El secreto de Cossery, novelista sumamente perezoso, traducido a un montón de lenguas -su primera novela, Les hommes oubliés de Dieu, fue editada en Estados Unidos, en 1940, por Henry Miller, que era un fanático del egipcio-, con una legión de lectores, preferentemente jóvenes, es la falta de ambición: "Je n'ai jamais désiré una belle voiture, je n'ai jamais désiré autre chose que d'être moi-même. Je peux marcher dans la rue avec les mains dans les poches, et je me sens un prince" (nunca he deseado tener un bello coche o cualquier otra cosa que no que no ser yo mismo. Puedo salir a la calle con las manos en los bolsillos y me siento un príncipe), confiesa el escritor. En una de sus novelas, La violence et la dérision, le pillé unas lineas que bien podría suscribirlas mi amigo Juan Marsé, el cual estos días, ante la inminente aparición de su nueva novela, se prodiga en entrevistas en los periódicos, suculentas entrevistas: "Devenir ministre? Peux-tu imaginer une ambition plus sordide? Ah! je t'en prie, ne parle pas de ces gens-la!" (¿llegar a ser ministro? ¿Puedes imaginar una ambición más sórdida? ¡Ah! te lo ruego, no hables de esa gente).
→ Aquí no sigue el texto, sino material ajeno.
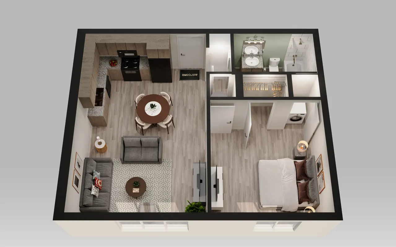 Floor plans are artist’s rendering. All dimensions are approximate. Actual product and specifications may vary in dimension or detail. Not all features are available in every apartment. Prices and availability are subject to change. Please see a representative for details. Deposit based on credit approval.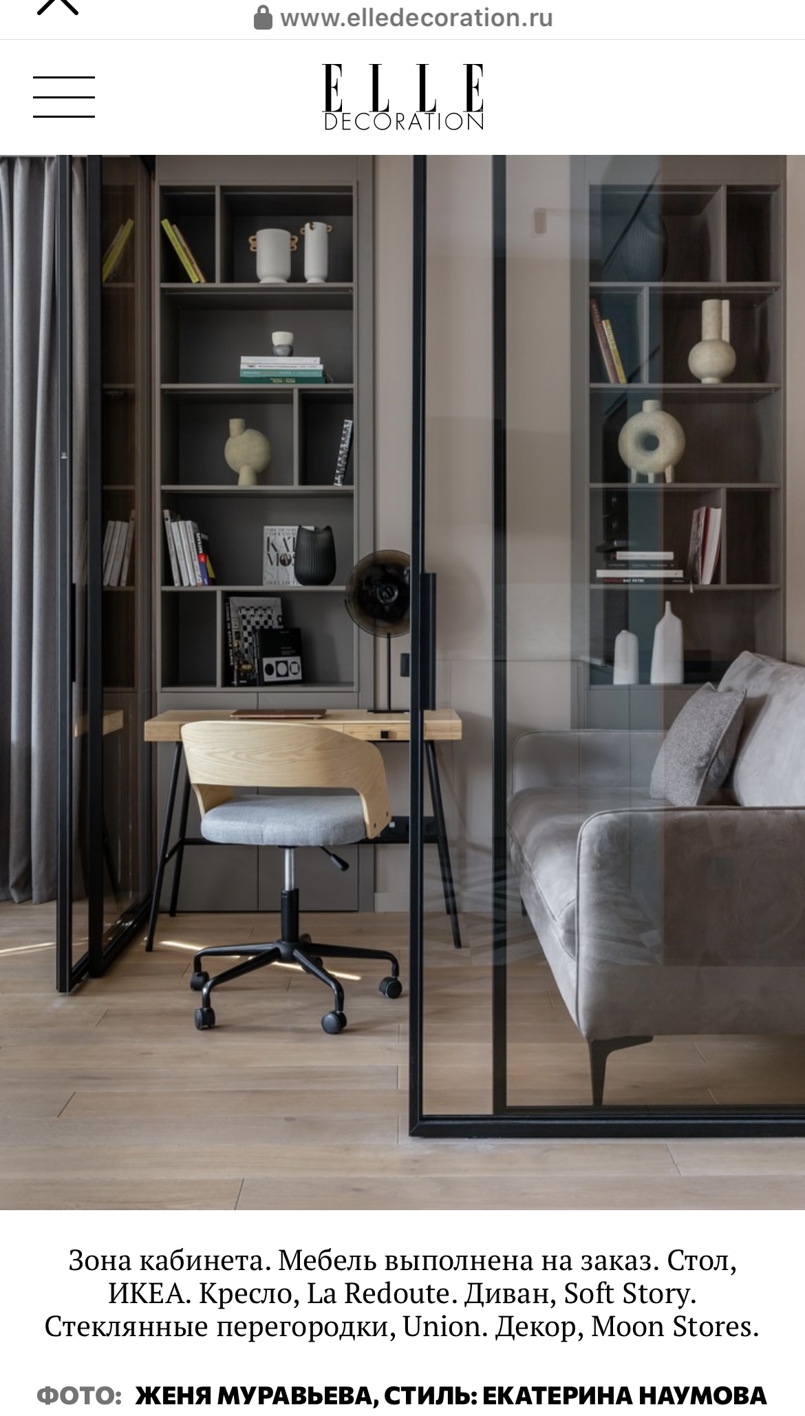 Диван от SoftStory в статье журнала Elle Decoration

Albert Cossery, uno de los dos escritores franceses con los que me agradaría merendar -el otro es Gracq-, no figura entre los bartlebys de Enrique Vila-Matas. Confío en que lo incluya en la próxima edición de su divertidísimo libro, a ser posible en la inglesa. Se lo merece. Y más ahora que Cossery dice que no va a publicar más, que ha roto el lápiz -escribe con lápiz-, y que, después de una operación, apenas habla.